WHY AN "ENDOWED PROFESSORSHIP" AND NOT A "CHAIR"?
Typically, donors choose to endow a chair, yet the distinguished academic team of AFGLC, with a collective
400 years of teaching experience among them, has designed a plan that incorporates endowed professorships.
What is the difference, and why is the AFGLC plan superior?
- More productive. A chair is generally granted to a very senior scholar, whose research is targeted to a very specific area and who no longer teaches many classes (if any), certainly not interfacing with lower level undergraduate students. Yet these are the very ranks of people we should be targeting: the general college population, bound for careers in business, law, medicine, public service and the arts and sciences: the leaders of tomorrow's world in many fields. They may never take more than one or two lower-level courses in Hellenic Studies (mythology, or Greek civilization, or basic language), yet upon this experience rests the picture of Greece that will endure for them for the rest of their lives. A professorship is held by an active teaching scholar, who teaches a wide range of classes and who touches the lives of as many students as possible.

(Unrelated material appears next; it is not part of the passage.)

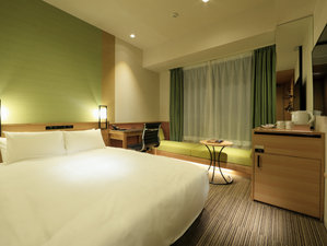 1,500mm(シモンズ社製)禁煙、無料Wi-Fi、テレビ、デスク、こあがりソファ、冷蔵庫、ユニットバス、館内着、スリッパ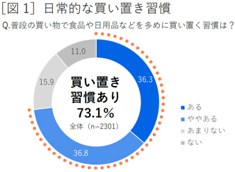 普段の買い物で食品や日用品などを多めに買い置く習慣について聞きました。買い置き習慣が「ある」と答えたのは全体の73.1%で、多くの人が日常的な買い置き習慣を身に付けています[図1]。 |

- More economical. A chair generally costs between $1.5 and $1.75 million. An endowed professorship can be secured for $100,000 to $300,000, which is then usually matched by the university and in some cases by other private educational foundations. Thus the same amount of money can endow five professorships for the cost of one chair: an entire Interdisciplinary Center for the cost of one chair! With the establishment of an Interdisciplinary Center, the university can grant majors and minors in Hellenic Studies, expand programs for graduate studies (MA and PhD), can involve numerous departments and their students, and enjoy all the collateral benefits of being part of the AFGLC network. All for the cost of a single research chair.
- More attractive to universities. Because ICHS professorships make use of existing faculty in a variety of departments, the benefits are widespread. In addition to the part of the professorship that funds the work of the designee, a percentage goes into a common fund for the use of all faculty involved in the ICHS, whether endowed or not. Administrators are put at no risk or pressure to create new academic lines, and they see the maximum distribution of benefits.
- More secure. Both the ICHS program and each endowed professorship are contractually guaranteed to be secure in perpetuity. Budget cuts at the university? Changes of administration? Faculty retirement? The program and its academic lines are proof against them all. Moreover, the donor loses control over the performance of a chair once it is endowed, but an AFGLC endowed professorship is still answerable to the standards of the ICHS Directors.
Q: Since it is dedicated to promoting the study of Greek, why is so much of AFGLC's promotional material, including its
website, primarily in English?
A: While Greeks and Greek-Americans may be expected to have an investment in preserving the Greek tradition -- namely,
ethnic pride - it is to the non-Greek American that the mission of AFGLC is ultimately addressed. We want to see Hellenic
Studies take their place in the curriculum of all American students of every ethnic background, whether they are aiming at
a career in medicine, law, the arts or sciences, or any other profession. And we invite the collaboration of all persons
of goodwill (including Greeks) who are concerned to preserve the humanistic heart of higher education in America.